Proposal to allow double colon (i.e. "::") to be used inside a glyph id #47

Closed ibalaur closed 5 years ago

ibalaur commented 5 years ago

Currently, there is a validation rule that does not accept the double colon inside the glyph id; for example: cvc-datatype-valid.1.2.1: 'n3::n0' is not a valid value for 'NCName'. However, Newt reads and accepts such formats. As an enhacement suggestion, could the current library be extended to accept such format?

Input example: glyph id="n5::n1" class="macromolecule multimer" glyph id="n5::n1::0" class="unit of information"

cannin commented 5 years ago

Here is my understanding of the error. This is an XML error, not an SBGN error. An SBGNML file must first be a valid XML file and these are checks we did not write (the error you identified). Conceptually, I do not mind the change you suggest, but I am not supportive of turning off this base level of schema checking completely and I do not know how to configure them.
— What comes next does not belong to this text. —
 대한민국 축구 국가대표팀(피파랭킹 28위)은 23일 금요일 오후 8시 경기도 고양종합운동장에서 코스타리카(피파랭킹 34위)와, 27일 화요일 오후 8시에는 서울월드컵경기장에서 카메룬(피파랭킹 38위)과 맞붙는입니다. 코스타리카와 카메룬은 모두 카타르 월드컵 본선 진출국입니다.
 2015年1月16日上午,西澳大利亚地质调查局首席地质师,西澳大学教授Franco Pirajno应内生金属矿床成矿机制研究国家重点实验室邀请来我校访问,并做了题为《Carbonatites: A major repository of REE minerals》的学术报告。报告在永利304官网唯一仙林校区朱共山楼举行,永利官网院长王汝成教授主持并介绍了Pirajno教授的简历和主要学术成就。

It is likely to prevent multiple XML namespaces (a valid concern).

I assume what is happening is that we have in the schema that identifiers are forced to be xsd:IDs

https://github.com/sbgn/libsbgn/blob/be7b0ab902bbf8fc5cffbc792da638c46e22ca88/resources/SBGN.xsd#L350

which in turn must be NCName valid:

http://books.xmlschemata.org/relaxng/ch19-77151.html http://books.xmlschemata.org/relaxng/ch19-77215.html

@ugurdogrusoz I'm not sure about what might be going on with Newt validation. I do not know a way forward, and maybe it should remain as is. If you see other options, let us know.
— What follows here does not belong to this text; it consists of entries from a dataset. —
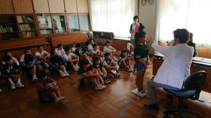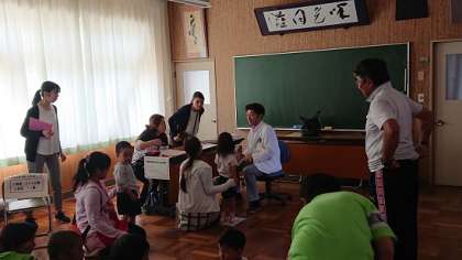 本日、幼保小中合同で眼科検診を行いました。へだっこセンター、小学校、中学校という順番で小学校研修室にて実施しました。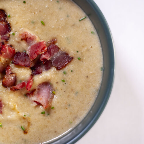 Inspired by a Nordic classic, this creamy potato and leek soup is rustic, rich, and topped with crispy bacon, whipped cream, and chives. It’s the perfect bowl for cold winter days — simple, comforting, and packed with texture and flavour.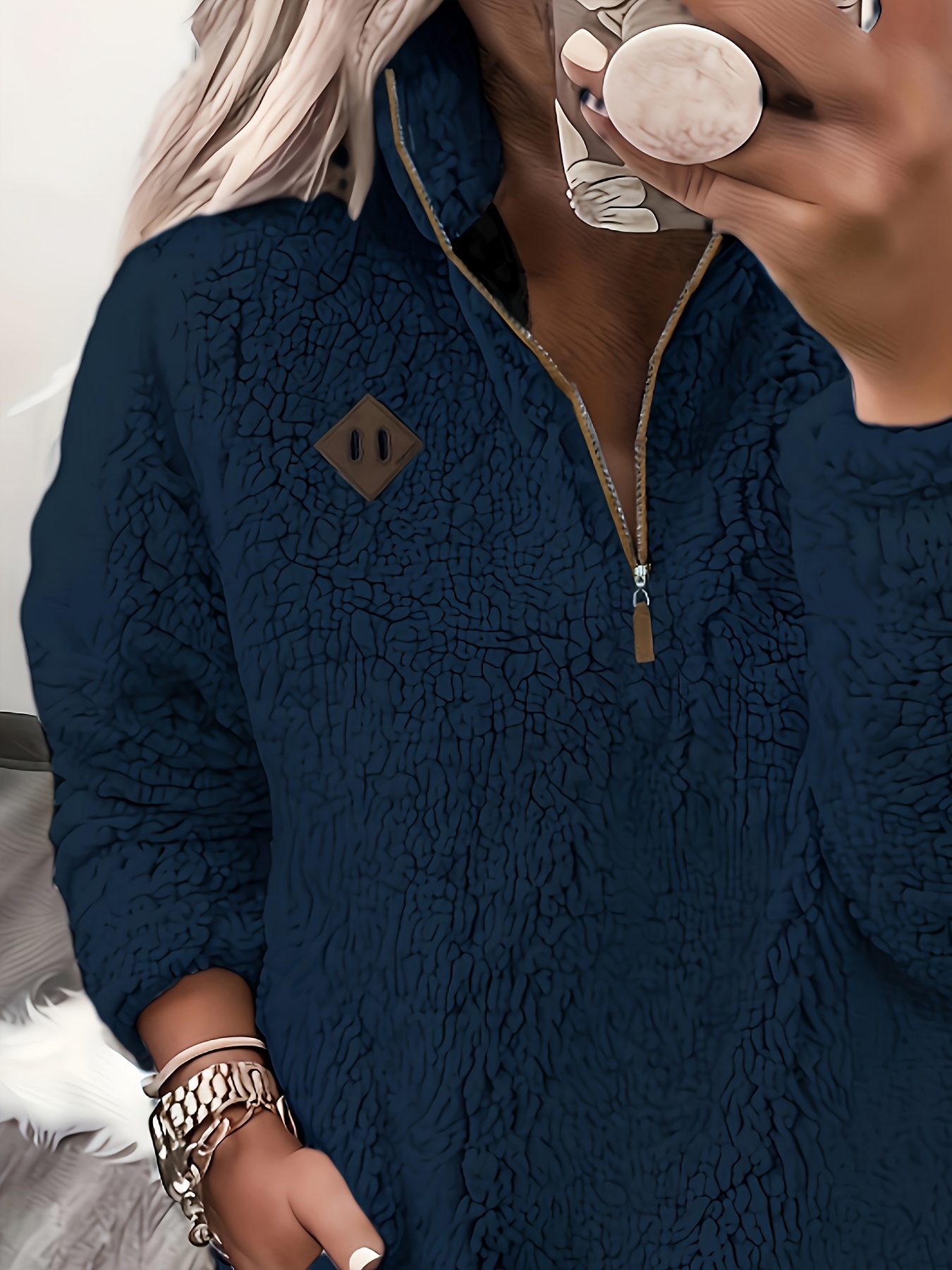 Women's Casual Fashion Pullover Zip Long Sleeve Top

ugurdogrusoz commented 5 years ago

Newt uses libSBGN.js, so this is an issue of the associated library, not of Newt. I am not sure how @royludo handled these identifiers and managed to accept double columns.
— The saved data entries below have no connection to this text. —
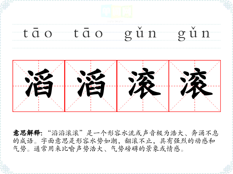 “滔滔滚滚”是一个形容水流或声音极为浩大、奔涌不息的成语。字面意思是形容水势如潮,翻滚不止,具有强烈的动感和气势。通常用来比喻声势浩大、气势磅礴的景象或情感。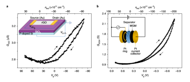 Fig. 2 單層rGO的常規(guī)背柵與多層rGO膜的電解質(zhì)柵的比較。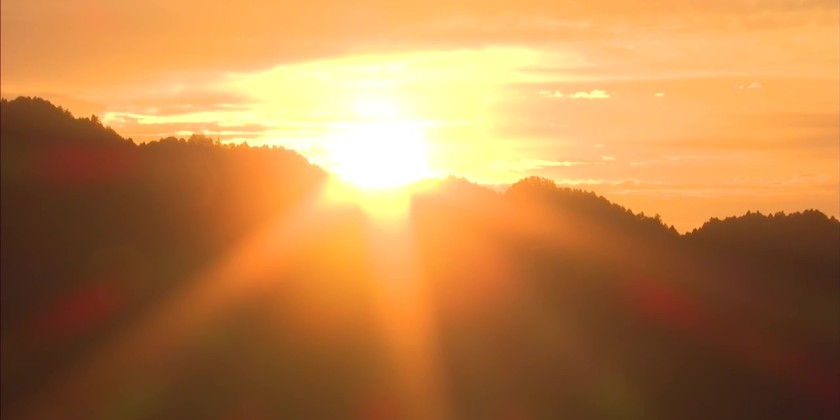 The vast expanse of stark white clouds turned orange when the sun began to rise above a nearby mountain. The horizon on the Kumano Sea, just off the coast of the city, was also visible farther away. The awe-inspiring scenery may appear around Tsueno Peak on mornings from around this time of year through winter if the skies are clear and the temperature drops sharply around dawn.

fbergmann commented 5 years ago

for now libSBGN will let you read / write documents containing invalid identifiers. But i think the validation is correct about issuing a validation issue.

ibalaur commented 5 years ago

Thank you All for replies. @ugurdogrusoz , I believe @royludo replaced such characters with e.g. double dashes/ underscores etc. as I did for getting valid SBGN files after conversion from e.g. yEd (which allows double colon inside names). However, I understand now that this format can cause issues, so it should not be further considered in libSBGN, but to be managed by applications themselves when it appears.